Historic district in Massachusetts, United States

Farnams Village Historic District is a historic district in Cheshire, Massachusetts, United States. It encompasses the historic limestone mining community known as Farnams Village and the associated surviving industrial and mining infrastructure associated with a mining operation active from the late 19th century into the mid-20th century. The main village area is centered on Lanesborough Road in southern Cheshire, near Farnams and Quarry Roads, with quarry sites on the hillside to the west. The district was listed on the National Register of Historic Places in 2000.

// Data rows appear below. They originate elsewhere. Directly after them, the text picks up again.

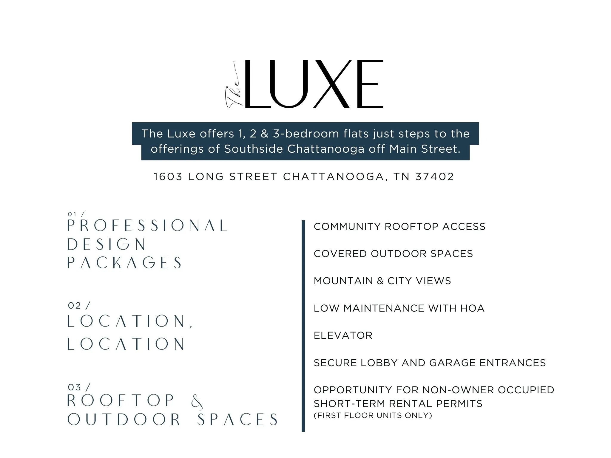 The Luxe is a newly constructed condominium community at 1603 Long Street in Chattanooga’s Southside Historic District. With 1, 2, and 3-bedroom condos, living spaces range from 921 sq ft to over 1,900 sq ft. Early residents enjoy the option of selecting from four professionally designed finish packages. The Luxe also offers limited opportunities (including Unit 102) for non-owner-occupied short-term rental permits. Unit 102 is a 2 bedroom, 2 bath first floor unit with 1,032 SF. This impressive building includes a professionally designed lobby entrance with an elevator, a secure parking garage on the first floor, and a community rooftop space with breathtaking mountain and city views. This is the ideal urban address, located steps away from over 40 local dining and entertainment options, medical facilities, and grocery stores like the new Broad Street Food City and Publix. Please note: The photos and renderings are for illustrative purposes only and may not be of this unit.
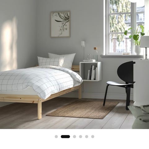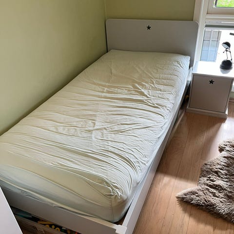 IKEA seng i hvit farge. Enkel og funksjonell design egnet for enkeltrom eller gjesterom.
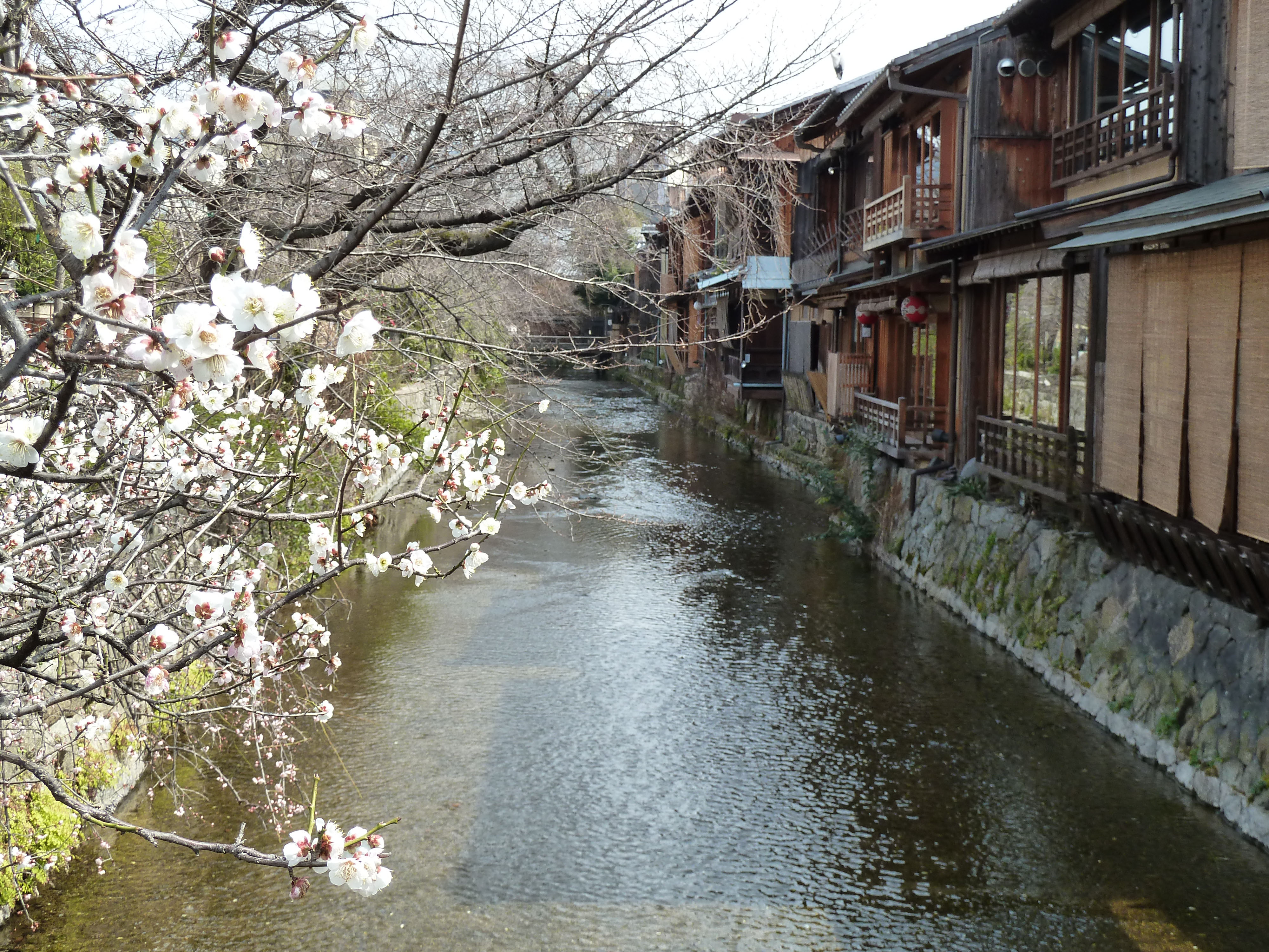 Around a corner I come to the Kamo River, swirling along, low and brown. Runners jog along the towpath, houses crush together higgledy-piggledy on the opposite bank and a heron perches on a rock in the middle.

==Description and history==
Farnams Village is located in southern Cheshire, a rural town on the eastern slope of Mount Greylock in western Massachusetts. The geology of southwestern Cheshire includes ridges of outcrops with deposits of limestone and marble, which were mined on a small scale, primarily for local use by farmers, beginning in the early 19th century. The arrival of railroad infrastructure in the area in the mid-19th century prompted a more organized expansion of mining efforts. The Dean family were one of the first to establish a small mining operation (c. 1840), located roughly at the western end of Quarry Road. Brothers Alfred and Albert Farnam in 1874 opened a lime processing facility, and greatly expanded mining in an area adjacent to the small Dean mine. The Farnams were economically successful, producing a high quality white plaster lime, and eventually expanded their holdings to more than 1500 acre. They overextended their finances in the process, and sold the business in 1905. The business was acquired by US Gypsum in 1927, and operated until 1969, when it was closed down.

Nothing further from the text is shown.